| TASK OBJECTIVE |
Starting at the line below that contains "O Vegas Amped" and ending at the line that contains "Minimalist accommodation with", retype each line exactly as it stands, but omit the pictures.

| DATA FOR THIS EXERCISE |
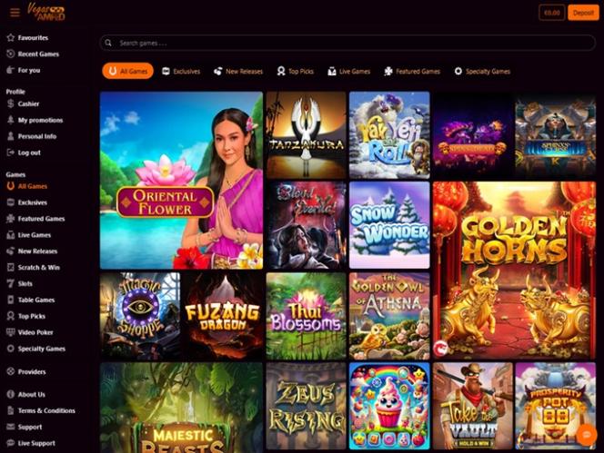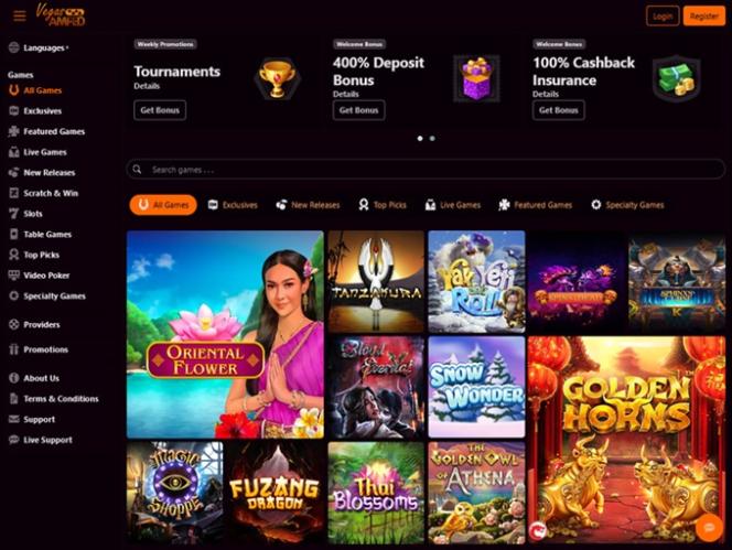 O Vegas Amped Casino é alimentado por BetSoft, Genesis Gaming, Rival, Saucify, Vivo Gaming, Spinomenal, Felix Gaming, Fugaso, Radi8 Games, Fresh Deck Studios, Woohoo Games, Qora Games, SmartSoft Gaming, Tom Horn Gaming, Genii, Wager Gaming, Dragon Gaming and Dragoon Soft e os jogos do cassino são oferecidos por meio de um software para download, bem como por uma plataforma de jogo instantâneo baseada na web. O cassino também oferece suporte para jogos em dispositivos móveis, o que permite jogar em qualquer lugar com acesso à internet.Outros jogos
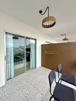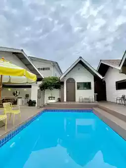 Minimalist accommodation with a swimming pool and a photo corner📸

---

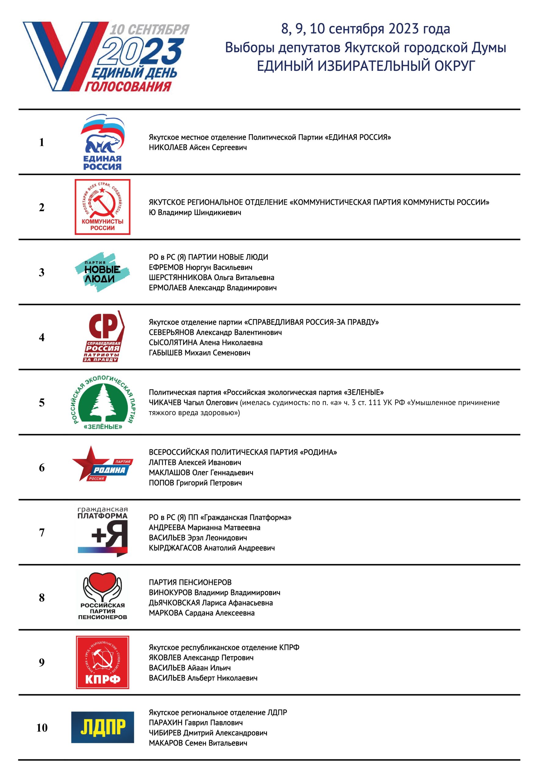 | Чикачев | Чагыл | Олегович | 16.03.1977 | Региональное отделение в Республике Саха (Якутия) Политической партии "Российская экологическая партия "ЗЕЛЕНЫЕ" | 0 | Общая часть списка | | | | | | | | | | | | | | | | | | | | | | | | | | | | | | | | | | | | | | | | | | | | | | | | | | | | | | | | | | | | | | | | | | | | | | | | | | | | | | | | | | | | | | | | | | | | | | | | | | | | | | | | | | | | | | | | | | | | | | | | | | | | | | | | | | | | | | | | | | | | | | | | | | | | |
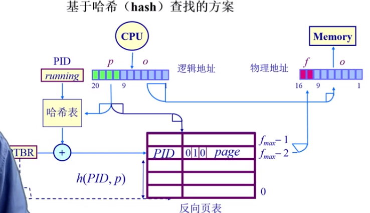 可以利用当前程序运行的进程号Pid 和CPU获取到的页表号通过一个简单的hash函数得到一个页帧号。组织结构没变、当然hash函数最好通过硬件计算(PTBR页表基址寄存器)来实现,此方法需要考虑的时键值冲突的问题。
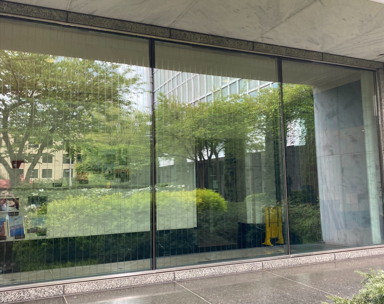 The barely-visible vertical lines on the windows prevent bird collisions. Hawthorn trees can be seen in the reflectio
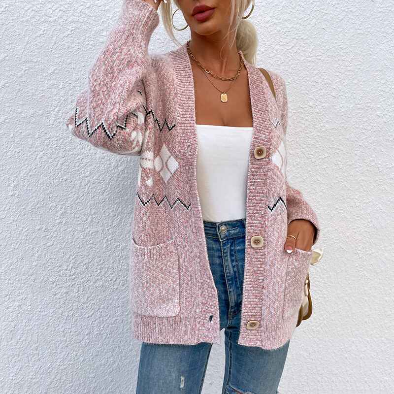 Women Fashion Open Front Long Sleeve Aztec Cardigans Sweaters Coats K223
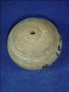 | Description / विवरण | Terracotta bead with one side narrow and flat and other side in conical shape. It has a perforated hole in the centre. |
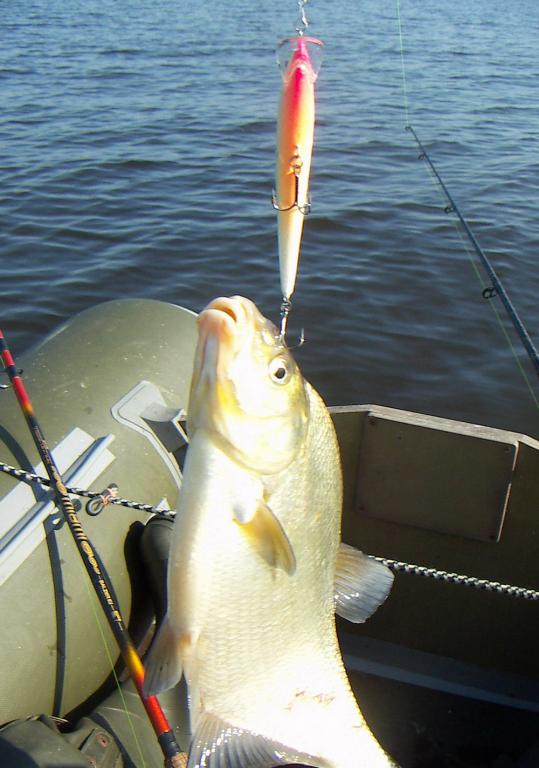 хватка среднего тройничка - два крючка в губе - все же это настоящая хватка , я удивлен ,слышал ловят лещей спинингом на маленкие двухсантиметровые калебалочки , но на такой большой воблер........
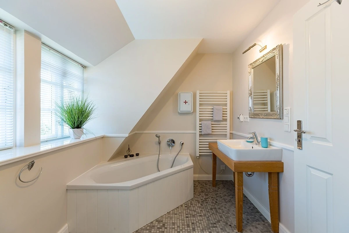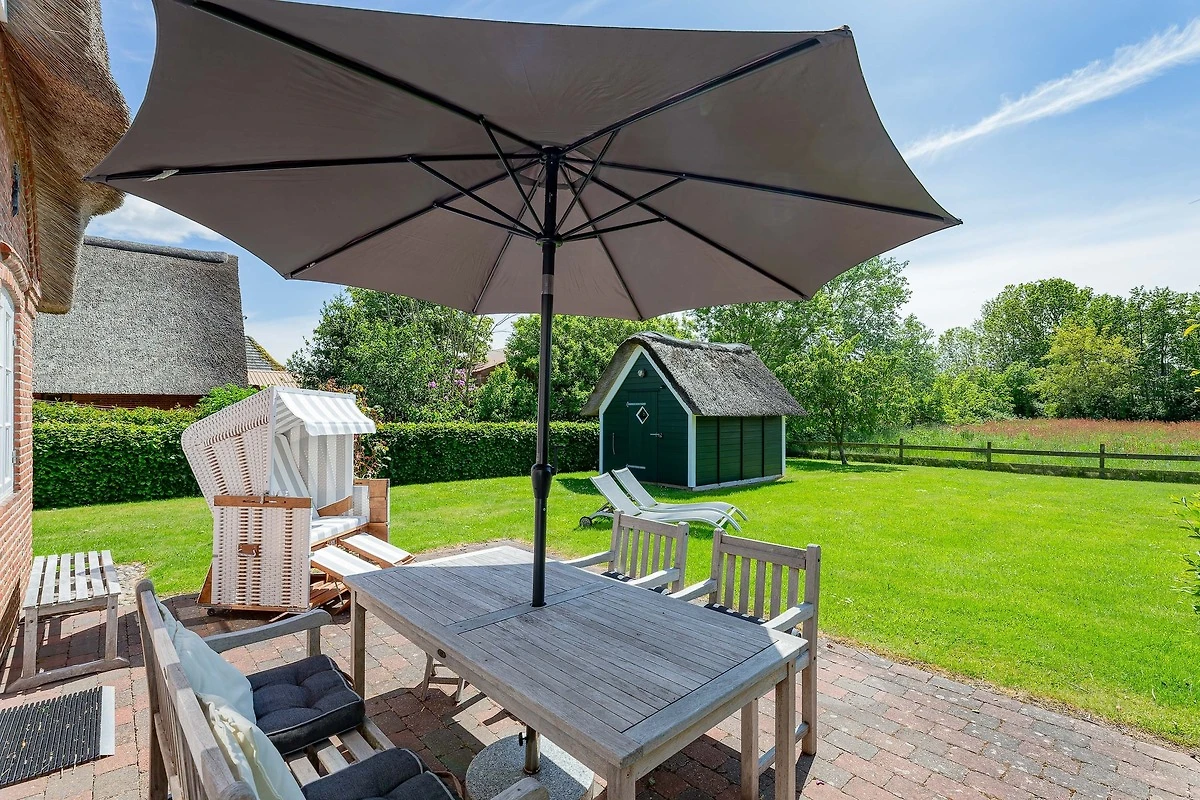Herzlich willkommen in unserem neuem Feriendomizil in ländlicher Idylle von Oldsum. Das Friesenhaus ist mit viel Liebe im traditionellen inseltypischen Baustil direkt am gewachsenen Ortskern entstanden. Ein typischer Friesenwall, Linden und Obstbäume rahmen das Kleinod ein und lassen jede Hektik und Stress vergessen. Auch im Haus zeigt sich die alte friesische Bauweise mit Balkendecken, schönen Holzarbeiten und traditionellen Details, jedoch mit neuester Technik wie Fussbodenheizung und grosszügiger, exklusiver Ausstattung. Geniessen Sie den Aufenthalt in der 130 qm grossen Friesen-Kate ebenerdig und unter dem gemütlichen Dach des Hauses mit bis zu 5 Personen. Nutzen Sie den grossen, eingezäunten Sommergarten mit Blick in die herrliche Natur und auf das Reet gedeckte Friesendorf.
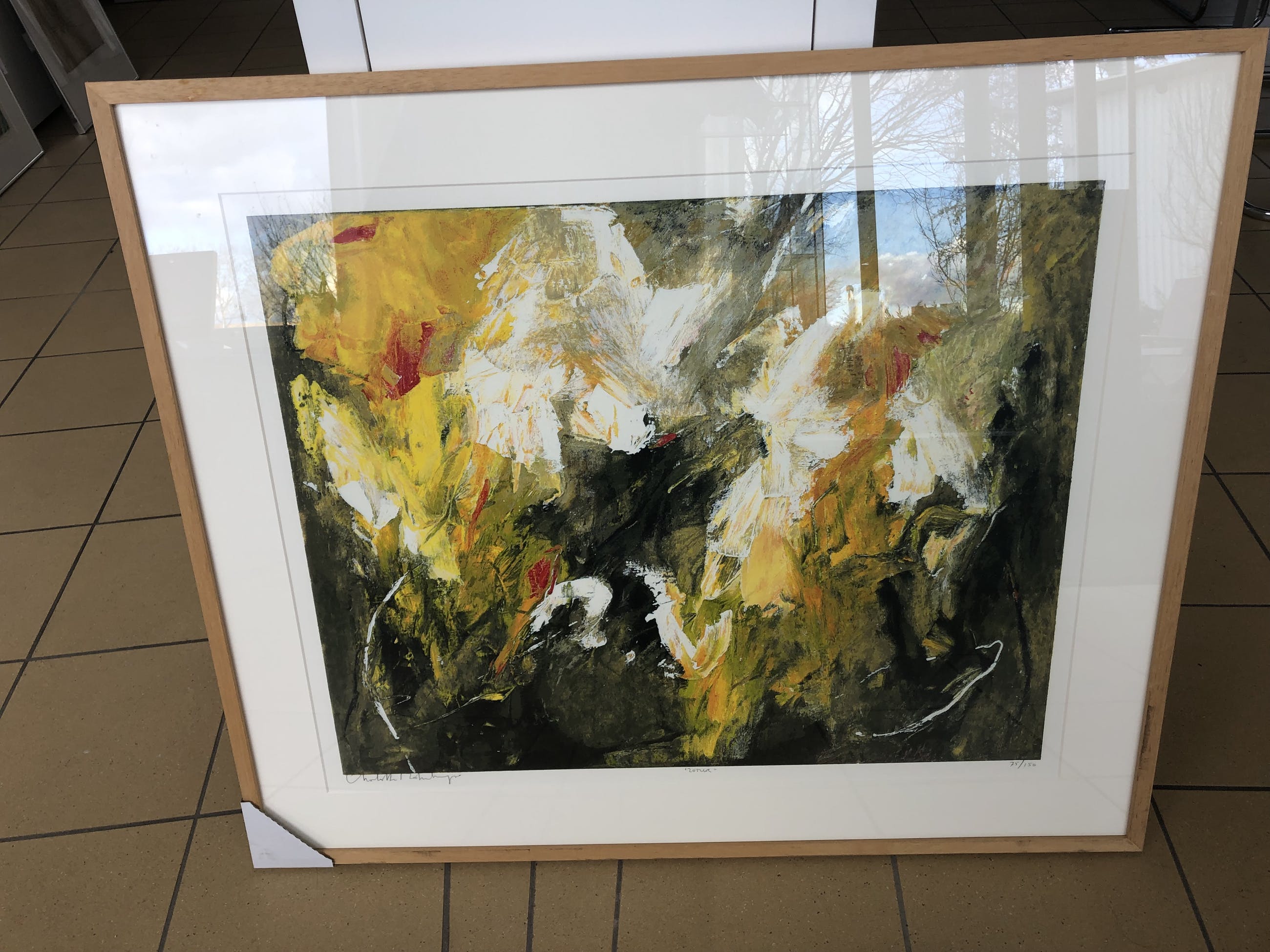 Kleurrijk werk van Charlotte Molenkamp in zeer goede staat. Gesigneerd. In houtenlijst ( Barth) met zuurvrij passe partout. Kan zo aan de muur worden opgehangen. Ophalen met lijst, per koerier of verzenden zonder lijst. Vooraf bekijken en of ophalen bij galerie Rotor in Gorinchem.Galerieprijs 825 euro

| REPLY TO THE TASK |
 O Vegas Amped Casino é alimentado por BetSoft, Genesis Gaming, Rival, Saucify, Vivo Gaming, Spinomenal, Felix Gaming, Fugaso, Radi8 Games, Fresh Deck Studios, Woohoo Games, Qora Games, SmartSoft Gaming, Tom Horn Gaming, Genii, Wager Gaming, Dragon Gaming and Dragoon Soft e os jogos do cassino são oferecidos por meio de um software para download, bem como por uma plataforma de jogo instantâneo baseada na web. O cassino também oferece suporte para jogos em dispositivos móveis, o que permite jogar em qualquer lugar com acesso à internet.Outros jogos
 Minimalist accommodation with a swimming pool and a photo corner📸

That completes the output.